Records supplied:
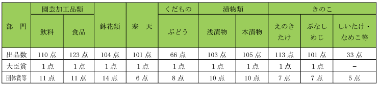 ※農林水産大臣賞受賞者の詳細は別紙をご覧下さい(しいたけ•なめこ等の部は農林水産大臣賞の交付対象外)。
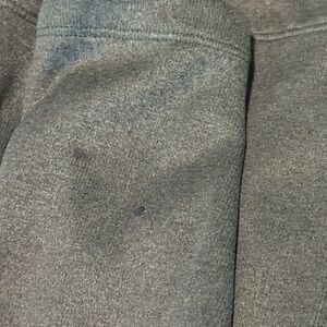 Warm fleece jacket by The North Face. Olive and charcoal colors. Stay warm and stylish with The North Face's blue fleece hoodie, featuring a full-zip front and a stand-up collar. This classic design is crafted from durable fleece material, perfect for layering during outdoor adventures. Enjoy the comfort and quality synonymous with The North Face. Two small spots on one cuff, pictured.
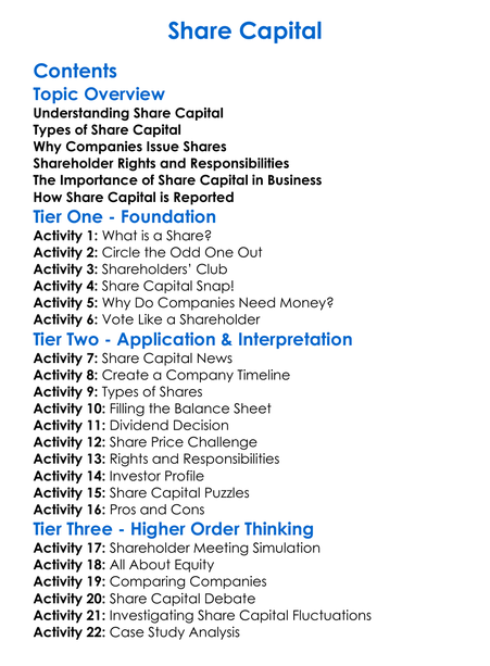Share Capital Worksheet Activity Booklet
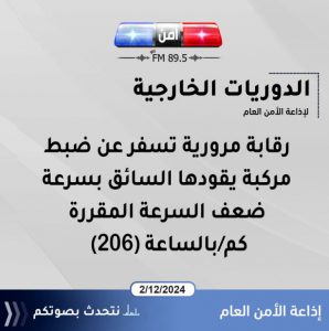 – رقابة مرورية تسفر عن ضبط مركبة يقودها السائق بسرعة ضعف السرعة المقررة (206) كم/بالساعة.
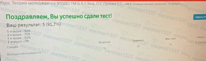 Курс Теория менеджмента - КМ-3. Основные функции управления. Тестирование - 91,7%
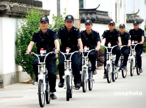 5月5日,江西婺源的大街小巷的城區(qū)出現(xiàn)了一支特警自行車治安巡邏隊。他們騎乘統(tǒng)一配發(fā)的輕便自行車,車前掛有“巡警110”標志,車后配備便民服務箱。為群防群治,共織平安網(wǎng),婺源縣公安局特警大隊由60人組成的一個特色 “警務自行車巡邏隊”,以適應該縣轄內(nèi)小街巷多、警車巡邏不易覆蓋的治安特點。同時利用自行車巡邏既環(huán)保、便捷、無噪音,又可增加古城小道的見警率,還避免了機動車頻繁流動造成的道路擁堵, 大大提高“走街串巷”治安巡防的效率,延伸了公安機關對社會面的防控觸角。 中新社發(fā) 王國紅 攝
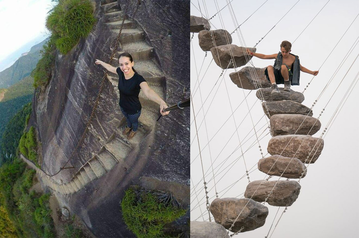 Hãy thầm cầu mong đừng có cơn gió lớn nào thổi qua khi bước trên chiếc thang này.

Problem statement:
Apart from the images, please copy every line of the data exactly as written.

Answer section:
 ※農林水産大臣賞受賞者の詳細は別紙をご覧下さい(しいたけ•なめこ等の部は農林水産大臣賞の交付対象外)。
 Warm fleece jacket by The North Face. Olive and charcoal colors. Stay warm and stylish with The North Face's blue fleece hoodie, featuring a full-zip front and a stand-up collar. This classic design is crafted from durable fleece material, perfect for layering during outdoor adventures. Enjoy the comfort and quality synonymous with The North Face. Two small spots on one cuff, pictured.
Share Capital Worksheet Activity Booklet
 – رقابة مرورية تسفر عن ضبط مركبة يقودها السائق بسرعة ضعف السرعة المقررة (206) كم/بالساعة.
 Курс Теория менеджмента - КМ-3. Основные функции управления. Тестирование - 91,7%
 5月5日,江西婺源的大街小巷的城區(qū)出現(xiàn)了一支特警自行車治安巡邏隊。他們騎乘統(tǒng)一配發(fā)的輕便自行車,車前掛有“巡警110”標志,車后配備便民服務箱。為群防群治,共織平安網(wǎng),婺源縣公安局特警大隊由60人組成的一個特色 “警務自行車巡邏隊”,以適應該縣轄內(nèi)小街巷多、警車巡邏不易覆蓋的治安特點。同時利用自行車巡邏既環(huán)保、便捷、無噪音,又可增加古城小道的見警率,還避免了機動車頻繁流動造成的道路擁堵, 大大提高“走街串巷”治安巡防的效率,延伸了公安機關對社會面的防控觸角。 中新社發(fā) 王國紅 攝
 Hãy thầm cầu mong đừng có cơn gió lớn nào thổi qua khi bước trên chiếc thang này.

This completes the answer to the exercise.